- Work instructions
From the listing below, give again exactly the lines from the line with "百斯盾女装牛仔裤2025年夏季新款摩登复古舒适高弹九分毛边喇叭裤" to the line with "ピコ太郎風あだ名 | 『ヒコ太郎』『ピヒ五郎』『ヒラ三郎』 |", ends included, without any pictures.
START Material provided
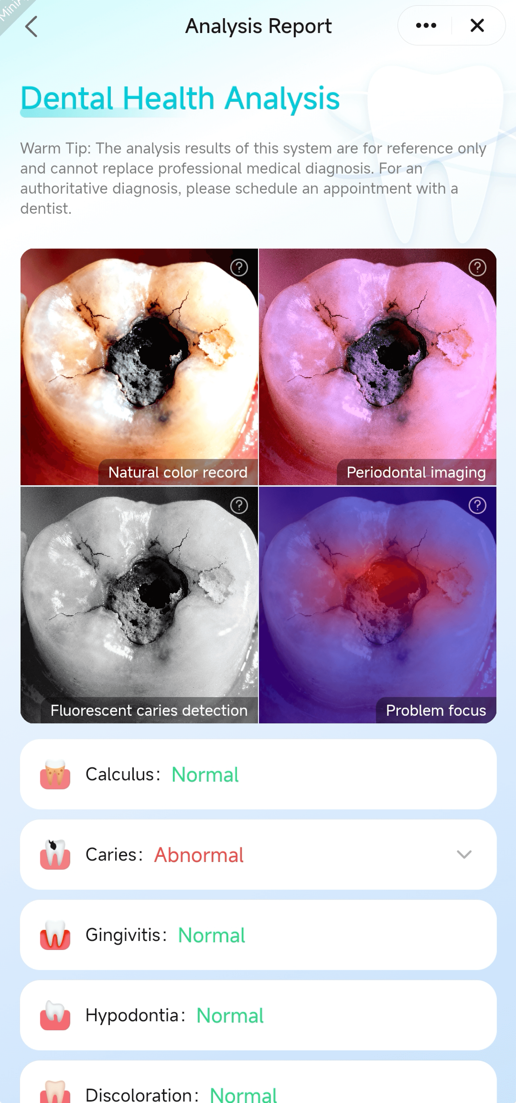 By performing AI analytics on the images, it detects oral diseases, processes the image to show heatmaps, and provides treatment recommendations.
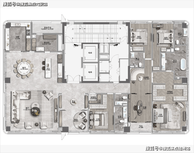 梁志天&上海世尊共同执笔:410㎡湾潮户型:WSD上海世尊团队执笔,以独一无二的“摩登东方”设计语言,抽象提取东方写意精神,与复古摩登、自由艺术平衡相融,领潮钱湾黄金时代。
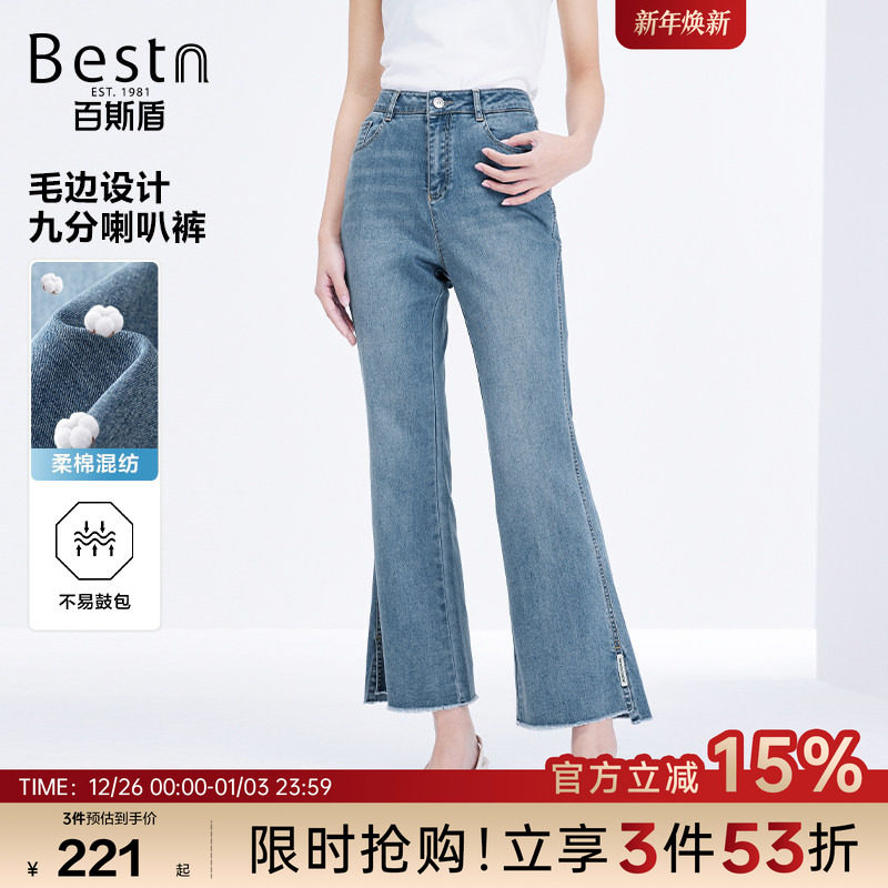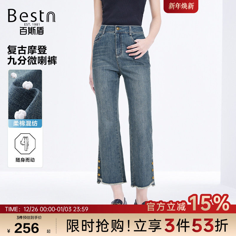 百斯盾女装牛仔裤2025年夏季新款摩登复古舒适高弹九分毛边喇叭裤
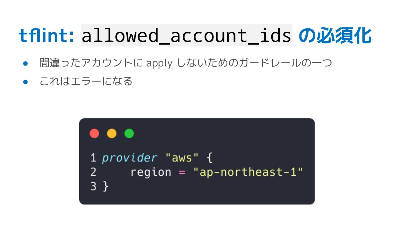 tflint: allowed_account_ids の必須化 • 間違ったアカウントに apply しないためのガードレールの一つ • これはエラーになる
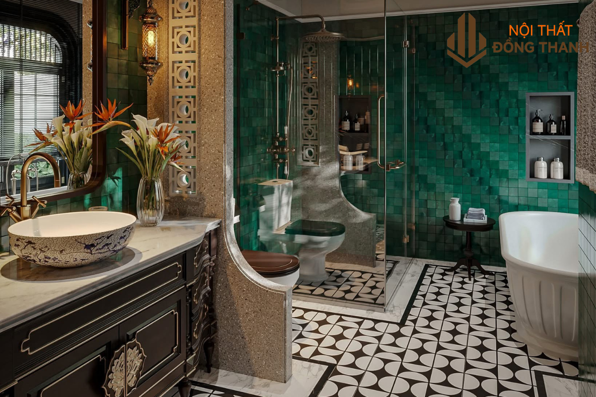 Phòng tắm là sự giao thoa hoàn hảo giữa xưa và nay. Ốp tường bằng đá granite màu khói, sàn lát gạch gốm thủ công, xen kẽ những viên gạch nhỏ hình ngói âm dương.
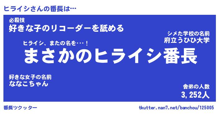 | ピコ太郎風あだ名 | 『ヒコ太郎』『ピヒ五郎』『ヒラ三郎』 |
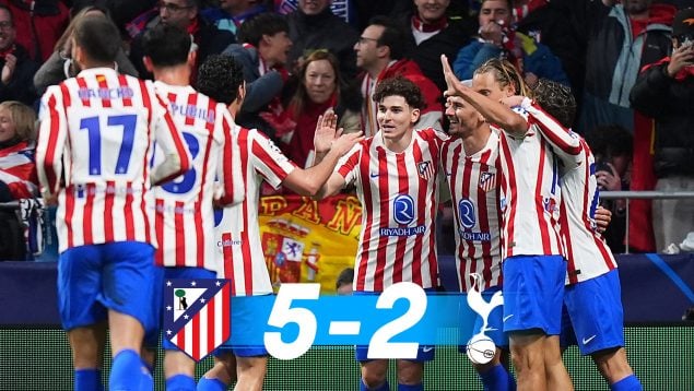Cuando la grada afina los acordes de la garganta, el Atlético es rock and roll. Siempre ha pasado. Ocurría en el caduco Calderón y sucede ahora en el renovado Metropolitano. Y cuando se produce esa simbiosis, no hay quien lo pare. No pudo el líder de la Liga, el Barcelona, menos aún iba a poder el 16º de Inglaterra. El Tottenham se hundió y se vio superado por el marco de su delicada situación deportiva y el escenario, un Metropolitano inflamable donde los haya. De ahí se fueron goleados Real Madrid, Barcelona… Y ahora el Tottenham (5-2) fue el que recibió el manotazo tras hacerse el harakiri con tres errores garrafales y dos tantos más.
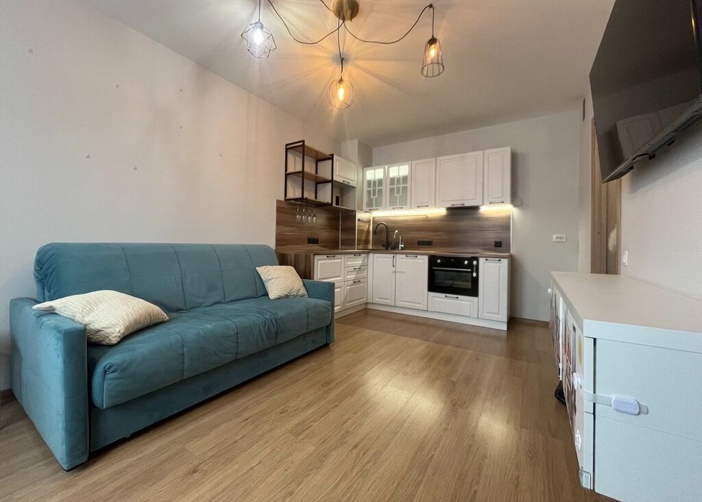 Кухня-гостиная: встроенная кухня, раскладной диван, телевизор со smart-tv, посудомойка, варочная панель, духовой шкаф, холодильник (на фото его нет, купили новый).
END Material provided
- Task answer
 百斯盾女装牛仔裤2025年夏季新款摩登复古舒适高弹九分毛边喇叭裤
 tflint: allowed_account_ids の必須化 • 間違ったアカウントに apply しないためのガードレールの一つ • これはエラーになる
 Phòng tắm là sự giao thoa hoàn hảo giữa xưa và nay. Ốp tường bằng đá granite màu khói, sàn lát gạch gốm thủ công, xen kẽ những viên gạch nhỏ hình ngói âm dương.
 | ピコ太郎風あだ名 | 『ヒコ太郎』『ピヒ五郎』『ヒラ三郎』 |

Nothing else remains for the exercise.